Data set for Homework 3, was found on Kaggle. I used the same data set as I used in Homework 1 and 2. Link to data set is https://www.kaggle.com/datasets/harshsingh2209/medical-insurance-payout .
mydata <- read.table("./expenses.csv", header=TRUE, sep=",", dec=".")
head(mydata)
## age sex bmi children smoker region charges
## 1 19 female 27.900 0 yes southwest 16884.924
## 2 18 male 33.770 1 no southeast 1725.552
## 3 28 male 33.000 3 no southeast 4449.462
## 4 33 male 22.705 0 no northwest 21984.471
## 5 32 male 28.880 0 no northwest 3866.855
## 6 31 female 25.740 0 no southeast 3756.622
Explanation of data set
Unit of observation: customer of the insurance company
Sample size: 1338 units
mydata$sexF <- factor(mydata$sex, # creating a factor for variable sex
levels = c("male", "female"),
labels = c("male", "female"))
mydata$smokerF <- factor(mydata$smoker, # creating a factor for variable smoker
levels = c("yes", "no"),
labels = c("yes", "no"))
mydata$regionF <- factor(mydata$region, # creating a factor for variable region
labels = c("northeast", "southeast", "southwest", "northwest"),
levels = c("northeast", "southeast", "southwest", "northwest"))
head(mydata, 3)
## age sex bmi children smoker region charges sexF smokerF regionF
## 1 19 female 27.90 0 yes southwest 16884.924 female yes southwest
## 2 18 male 33.77 1 no southeast 1725.552 male no southeast
## 3 28 male 33.00 3 no southeast 4449.462 male no southeast
library(dplyr)
##
## Attaching package: 'dplyr'
## The following objects are masked from 'package:stats':
##
## filter, lag
## The following objects are masked from 'package:base':
##
## intersect, setdiff, setequal, union
set.seed(4)
mydata1 <- mydata %>% # for the purpose of exercise, I will take a random sample of 400 units
sample_n(400)
head(mydata1)
## age sex bmi children smoker region charges sexF smokerF
## 1 21 male 20.235 3 no northeast 3861.210 male no
## 2 47 female 26.125 1 yes northeast 23401.306 female yes
## 3 27 female 24.750 0 yes southeast 16577.780 female yes
## 4 53 male 24.320 0 no northwest 9863.472 male no
## 5 61 female 21.090 0 no northwest 13415.038 female no
## 6 39 female 22.800 3 no northeast 7985.815 female no
## regionF
## 1 northeast
## 2 northeast
## 3 southeast
## 4 northwest
## 5 northwest
## 6 northeast
summary(mydata1 [,c(-2,-5,-6)])
## age bmi children charges sexF
## Min. :18.00 Min. :17.29 Min. :0.000 Min. : 1122 male :190
## 1st Qu.:27.00 1st Qu.:26.10 1st Qu.:0.000 1st Qu.: 4687 female:210
## Median :37.50 Median :30.25 Median :1.000 Median : 9018
## Mean :38.54 Mean :30.49 Mean :1.097 Mean :12402
## 3rd Qu.:50.00 3rd Qu.:34.41 3rd Qu.:2.000 3rd Qu.:14352
## Max. :64.00 Max. :47.74 Max. :5.000 Max. :60021
## smokerF regionF
## yes: 76 northeast: 98
## no :324 southeast:119
## southwest: 98
## northwest: 85
##
##
library(psych)
describe(mydata1 [,c(-2,-5,-6,-8,-9,-10)])

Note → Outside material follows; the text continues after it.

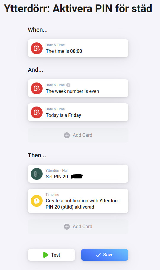 Nej, i ett flöde i Homey finns massa olika typer av villkor och händelser som kan styra ett flöde. Ett exempel; Varannan fredag vill jag aktivera koden för de som kommer och städar. På eftermiddagen tar jag bort samma kod (rensar den minnesplatsen). Flödet är det samma hela tiden och behöver aldrig ändras:N nissenhj skrev:
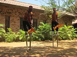 Poikkaal Kuthirai literally means "false foot horse" in Tamil and the dance involves the usage of a dummy horse.[97][98] The dancers get into a wooden frame designed like the body of a horse along the hips.[99][100] The dummy horse is made of jute, cardboard or paper and richly decorated with glass pieces. The dance is performed by both men and women and the dancer enacts movements as if riding on a horse back.[60] The art was popularized in the early Chola period and finds mention in the Tamil literature Silappadikaram as "marakkal attam", a dance with wooden legs. Wooden legs are used by the performers to look taller like a horse and sound like the hooves of a horse. The dancers may sometimes brandish a sword or a whip and the dance is accompanied by folk music.[77][101]

## vars n mean sd median trimmed mad min max
## age 1 400 38.54 13.91 37.50 38.19 17.79 18.00 64.00
## bmi 2 400 30.49 6.05 30.26 30.32 6.17 17.29 47.74
## children 3 400 1.10 1.22 1.00 0.93 1.48 0.00 5.00
## charges 4 400 12402.02 11278.53 9018.46 10173.07 6928.94 1121.87 60021.40
## range skew kurtosis se
## age 46.00 0.15 -1.19 0.70
## bmi 30.45 0.27 -0.22 0.30
## children 5.00 1.02 0.59 0.06
## charges 58899.53 1.71 2.47 563.93
In my regression model charges is dependent variable and age, BMI and smoking status are independent variables. We can expect that with higher age, expenditures of insurance company increases, because the older the person is, more likely it is that the person have heath issues and consequently expenditures of insurance company are higher. If we observe BMI variable, we can expect that BMI(body max index) will increase expenditures, because people with higher BMI usually have more health issues and that means that insurance company expenditures are higher. And lastly, we can expect that people who smoke, have more health issues than others and consequently expenditures are higher.
library(car)
## Loading required package: carData
##
## Attaching package: 'car'
## The following object is masked from 'package:psych':
##
## logit
## The following object is masked from 'package:dplyr':
##
## recode
scatterplotMatrix(mydata1[ , c(7, 3, 1)],
smooth = FALSE)
From the scatterplot above we can not be sure that there is linearity between charges and bmi. I did logarithms of charges and bmi in another file but after I did a scatterplot, it was even worse. I decided to keep variables without logarithms.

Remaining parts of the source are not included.